А я ломаю голову над вопросом: что же такого она знает о Рунильде, о чем не хочет рассказать мне?


В конце вечера я привожу Джен к себе в комнату, как делаю три-четыре раза в неделю. Она высокая, гибкая и выглядит старше своих четырнадцати лет. По словам советников, ее послушничество протекает успешно и она будет выдающимся оракулом. Мы лежим — губы к губам, грудь к груди, мы ласкаем, гладим и легко касаемся друг друга, мы с улыбкой в глазах проходим через все ритуалы любви. Позже, в расслабленном состоянии, которое следует за страстью, она обнаруживает на моем бедре синяк, возникший в результате утреннего «сражения», и спрашивает, откуда он.

— Это Рунильд.

Я рассказываю Джен о его эксцентричном поведении, о беспокойстве Стила, о разговоре с Вори.

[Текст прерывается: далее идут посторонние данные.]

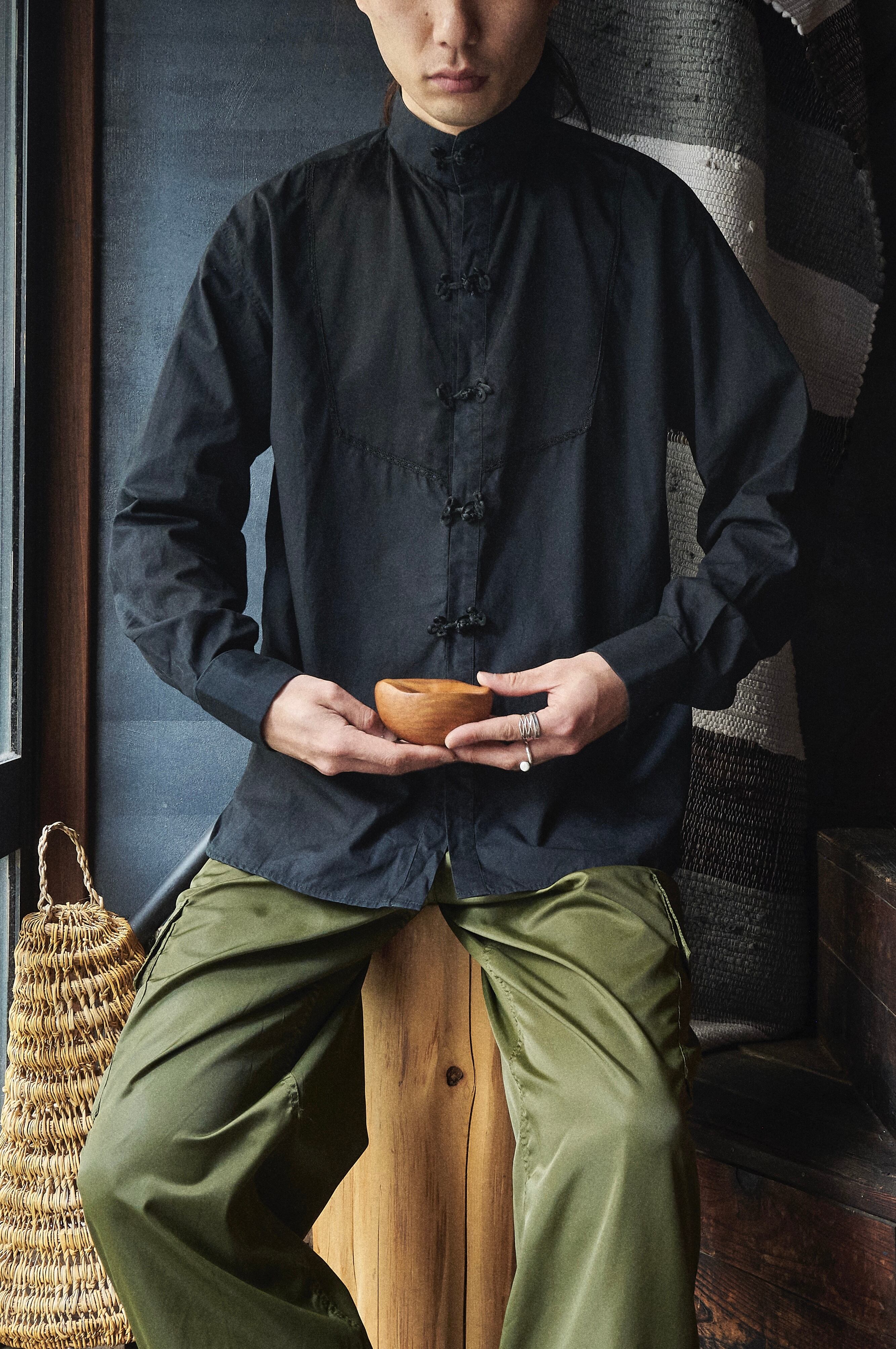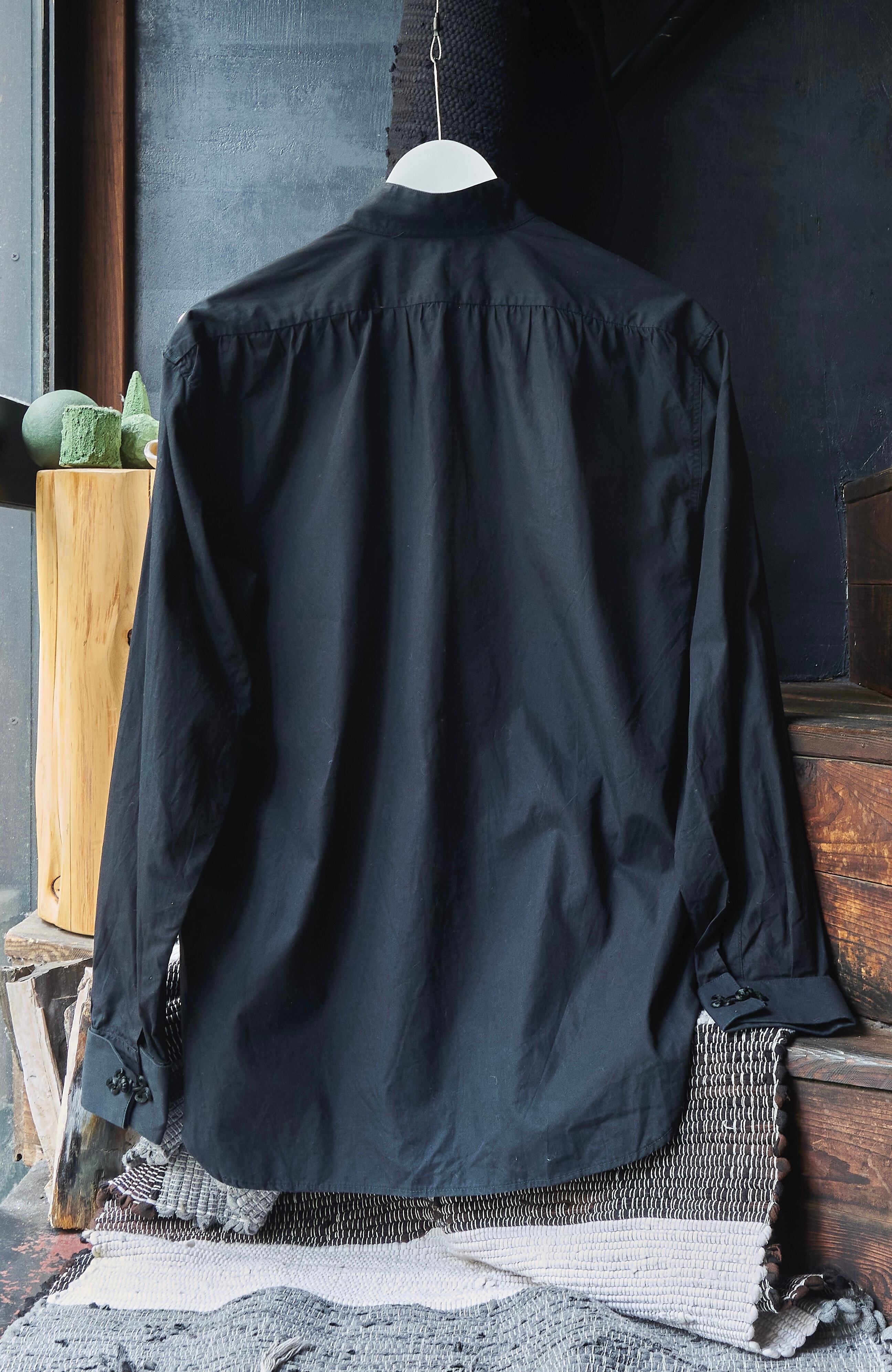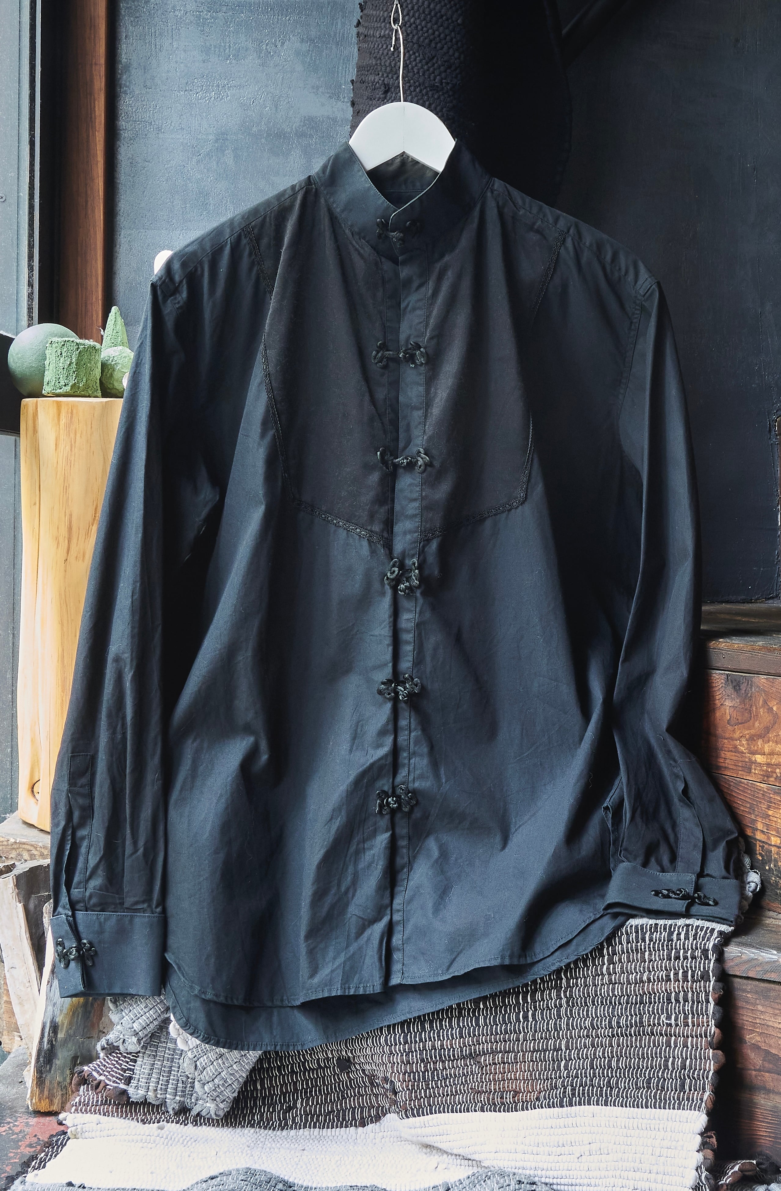 2000s ITALY Cotton x Cupra Fabric Stand Collar Chinese Button Dress Shirt

— Его нельзя отбраковывать, — серьезно говорит Джен. — Знаю, с ним много хлопот. Но он прокладывает путь, который очень важен для всех нас.

— Путь? Что за путь?

— Ты не знаешь?

— Я ничего не знаю, Джен.

Она задерживает дыхание и откатывается в сторону, внимательно вглядываясь в мое лицо.

— Рунильд может заглядывать в сознание, — говорит она наконец. — Когда его голова приближается к голове другого человека, происходит передача. Без использования слов. Это… это что-то вроде телепередачи. Его Правая может считывать информацию с Правых других оракулов, вроде того как ты открываешь книгу и читаешь ее. Если он сумеет достаточно близко подойти, скажем, к Стилу или к любому из них, то сможет читать в их Правых.

— Что?

— Мало того, Мимайз. Его собственная Правая тем же способом общается с Левой. Он может быстро передавать любые сообщения от одной половины к другой так, как не умеет ни один оракул. Он имеет полный доступ к тому, что воспринимает его Правая. Все, что видит и понимает Правая, включая то, что поступает от других Правых, может быть передано его Левой и выражено словами гораздо яснее, чем на это способен сам Стил!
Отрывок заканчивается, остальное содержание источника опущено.